Pain Center: "SIT UP YOU GIANT IDIOT! THIS HURTS!!!"
Logical Center: "Oh, hello, friend.  We're kind of strapped in here."
Pain Center: "I WILL CUT YOU!"
Logical Center: "If we make them get us out, we'll just have to start again."
Pain Center: "SIT UP SIT UP SIT UP"
Logical Center: "Actually, this rather hurts.  Maybe you should sit up.  Oh, goodness, we're trapped."
Pain Center: "WE'RE ALL GONNA DIEEEEEE!!!"
Logical Center: "TRUTH!!! WE'RE ALL GONNA DIEEEEE!!!"

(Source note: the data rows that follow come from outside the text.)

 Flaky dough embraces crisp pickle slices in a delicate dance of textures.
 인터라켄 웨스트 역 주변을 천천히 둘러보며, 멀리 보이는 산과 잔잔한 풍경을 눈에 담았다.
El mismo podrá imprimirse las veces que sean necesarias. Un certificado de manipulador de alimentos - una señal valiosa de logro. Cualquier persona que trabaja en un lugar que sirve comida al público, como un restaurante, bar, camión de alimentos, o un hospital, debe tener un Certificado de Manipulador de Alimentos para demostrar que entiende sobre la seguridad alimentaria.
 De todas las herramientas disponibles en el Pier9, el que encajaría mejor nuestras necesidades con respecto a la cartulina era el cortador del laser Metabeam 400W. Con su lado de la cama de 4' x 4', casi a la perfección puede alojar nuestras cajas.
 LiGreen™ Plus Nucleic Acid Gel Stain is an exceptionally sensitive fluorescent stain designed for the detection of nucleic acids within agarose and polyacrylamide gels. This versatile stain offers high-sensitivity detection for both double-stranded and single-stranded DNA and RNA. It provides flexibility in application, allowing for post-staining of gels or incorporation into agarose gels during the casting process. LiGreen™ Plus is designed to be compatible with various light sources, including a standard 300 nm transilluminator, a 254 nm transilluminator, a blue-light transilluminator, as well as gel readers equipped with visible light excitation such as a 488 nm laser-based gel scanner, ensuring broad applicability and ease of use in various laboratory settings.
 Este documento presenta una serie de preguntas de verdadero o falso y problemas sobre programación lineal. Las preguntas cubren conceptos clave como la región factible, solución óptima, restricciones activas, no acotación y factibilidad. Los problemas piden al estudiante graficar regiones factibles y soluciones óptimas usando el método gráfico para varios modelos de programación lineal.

No one actually died in the making of this mask.
Essentially, how this works is they put some saran wrap on your head and lay you down in warm goop.  Then, they put a bite plate in your mouth and put very warm plastic pieces over your chin and forehead.  Next, they put very warm plastic mesh over all that.  When it's molded to their satisfaction, they cover you up with cold washcloths to totally freak out your already confused skin help expedite the cooling and hardening process.  You lay still for 40-50 minutes until the mask is hard.

PS- people with claustrophobia, brain tumors are not for you.  In addition to all the MRIs in a tube, you get to wear this beast every stinkin day for treatment.  I found it best to not think about it.  I closed my eyes every day before they put it on and just tried to zone out to somewhere else.  I don't have claustrophobia, but if I thought about this:
Then it all went downhill pretty quickly.  

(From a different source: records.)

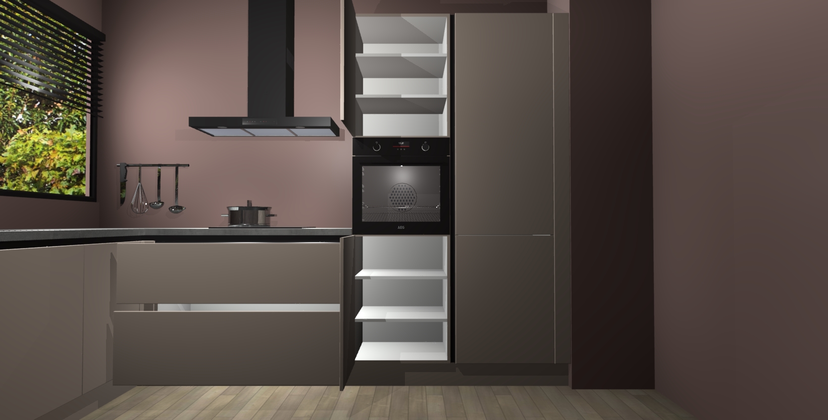 Met een modern, tijdloos design en ruime opslagruimte, zult u zich in no-time thuis voelen in uw nieuwe keuken. Uw leven wordt eenvoudiger met de soft-close deuren die voor het ultieme stille comfort zorgen - geen geluid dat u stoort terwijl u kookt. Ook is de keuken voorzien van 5 ingebouwde apparaten: een oven, inductie kookplaat, afzuigkap, vaatwasser en koelkast. Deze kunnen gemakkelijk na bestelling worden bijgewerkt naar AEG - waardoor uw luxe ervaring compleet is.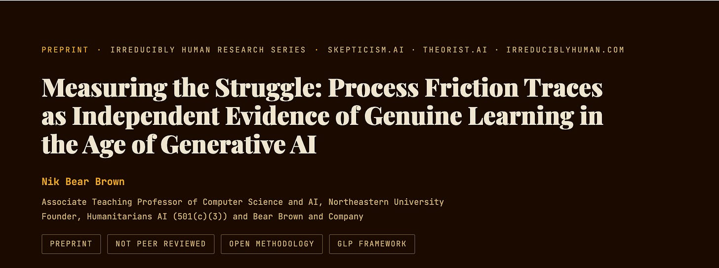 The framework that formalizes this argument — the specific components of friction that genuine learning leaves in observable data, the way those components can be measured, combined, and calibrated to different kinds of cognitive work — is documented in the paper that follows this introduction. It is technical in the way that any serious methodology is technical, and it is also not the point of this essay.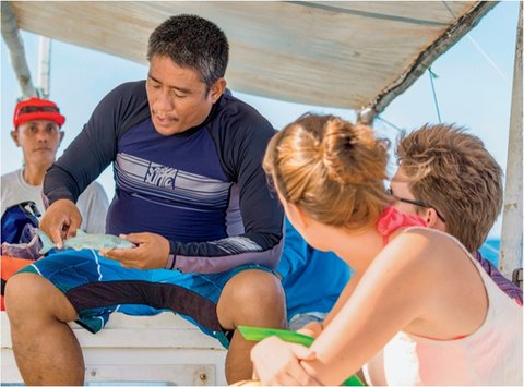 Touristslearnaboutwhalesharksbeforetheyswimwith them.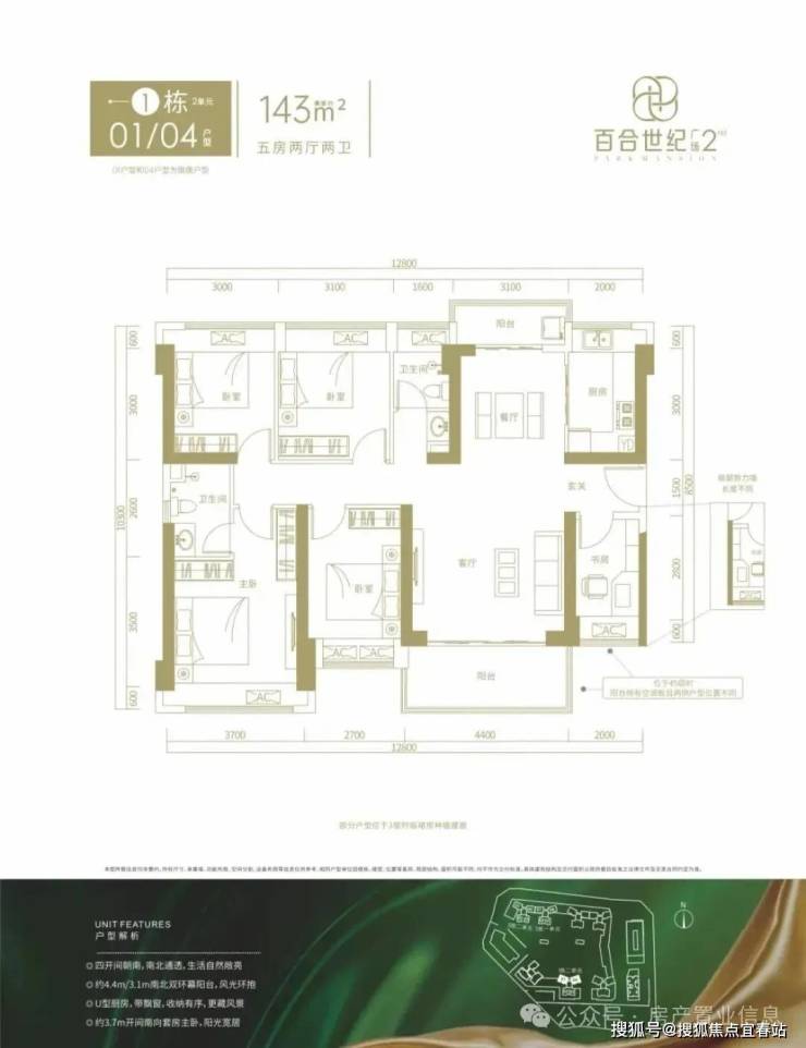 143㎡的5房2厅2卫,3栋1单元04/3栋2单元01户型,设计的是竖厅南北通透格局,进门入户玄关,客厅4.4米开间,客餐厅分离设计,南北双阳台,得房率约76%(不含赠送),阳台主朝西南或东南向。套内面积108.68㎡+赠送17.22㎡=实得125.9㎡,加上赠送得房率约88.04%。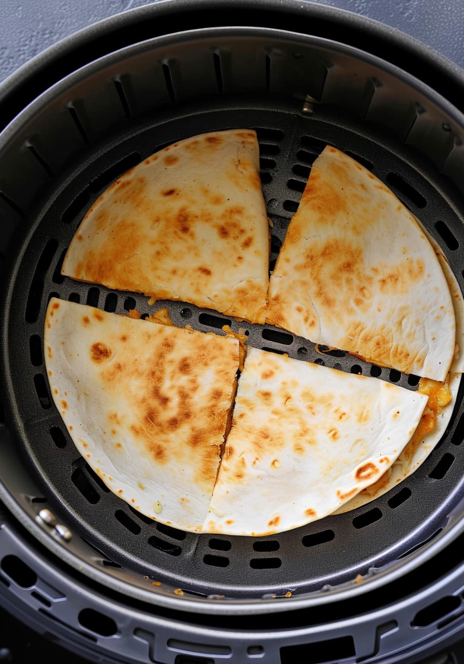 To reheat leftover quesadillas, pop them back in the air fryer for 2-3 minutes at 350°F. They’ll crisp right up!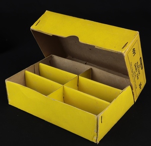The sturdy yellow lift-off lid card Trade box is complete and bright. Correct colour spot on this dual-numbered Trade Box. Light wear/corner scuffs and grubbiness. Small corner crush.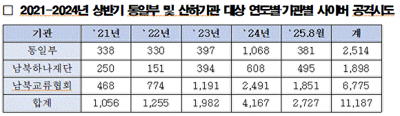 30일 외교통일위원회 소속 홍기원 더불어민주당 의원(평택갑)이 통일부로부터 제출받은 자료에 따르면, 통일부와 산하기관(북한이탈주민지원재단, 남북교류협력지원협회)에 대한 사이버 공격 시도는 지난 2021년부터 올해 8월까지 1만1187건에 달하는 것으로 집계됐다.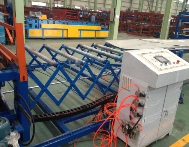 主要由瓦楞板壓型機和彩鋼復合機組成,可以一次性制做墻面彩鋼夾芯板或屋面彩鋼夾芯板,并且瓦楞板壓型機和復合機可以獨立生產。整條流水線壓型部分由彩鋼板開卷機、冷彎成型主機、切斷裝置組成,復合機部分由彩鋼板開卷,EPS板或巖棉板輸送,墻面淺波峰壓制,混合涂膠、加溫加壓、復合、平板卷邊、企口板翻邊、開槽、整邊、氣動夾緊、自動覆膜、自動切割、成品拖架組成;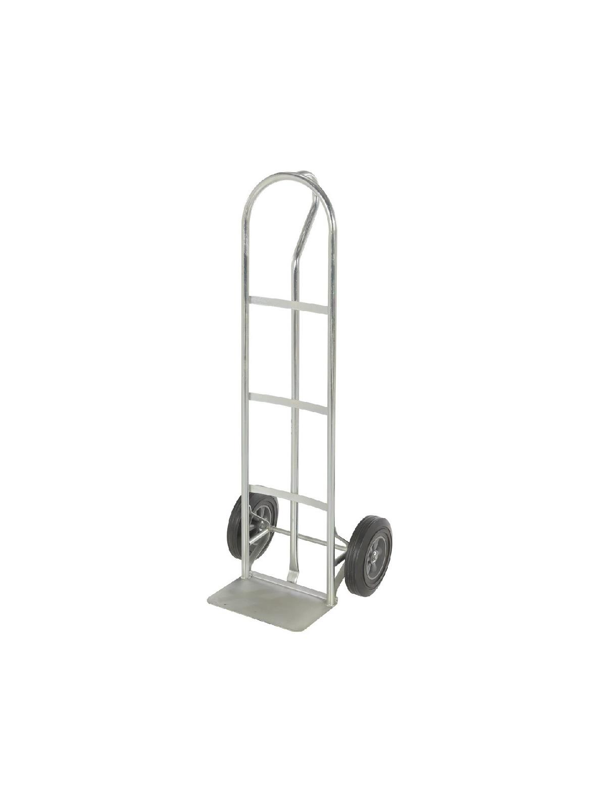 D) Heavy Duty Steel "P" Handle...great to free up your other hand to open doors or handle material. Easy to steer and maneuver. Handles loads up to 600 lbs.
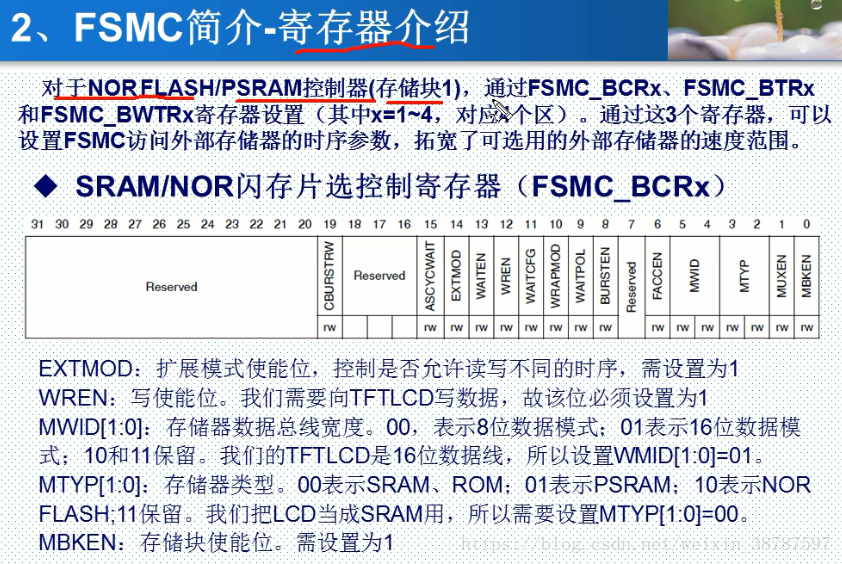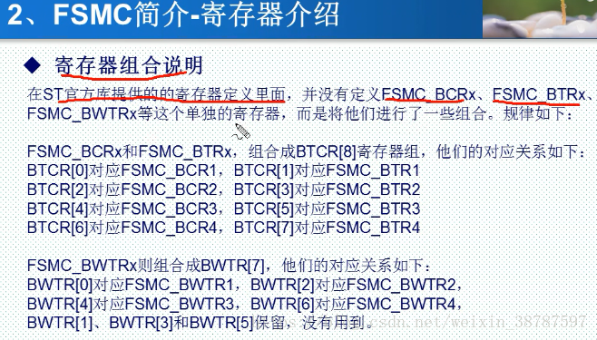 FSMC_BCRx 这个寄存器,x代表1-4,对应我们的前面的第一个区到第四个区。

Also, I feel it bears mentioning that based on the doctors we talked to, our understanding is that we're buying time.  Both the doctors at Georgetown and the doctors at Duke said that I could choose not to have radiation and could expect the tumor to return in 18 months-3 years.  With radiation, I could expect the tumor to return in 7-10.  They're hopeful I could not have it recur, too, but realistically they're giving me time to get my kids in or through high school before I have to do this again, and they all promised me that they'll have more research and better treatment by then.  

Much like the mask, I choose not to think about it.  Much like my surgery, worrying about it won't change the outcome.  We did everything we could do, and it all went as well as it could, and the rest is up to God.  Also, much like my surgery, even if it didn't go well, and even if I died, God would still be God.  If the tumor comes back, it will be okay.  God will still be God, the world will still turn, and we'll deal with it.

But I don't have to think about that right now.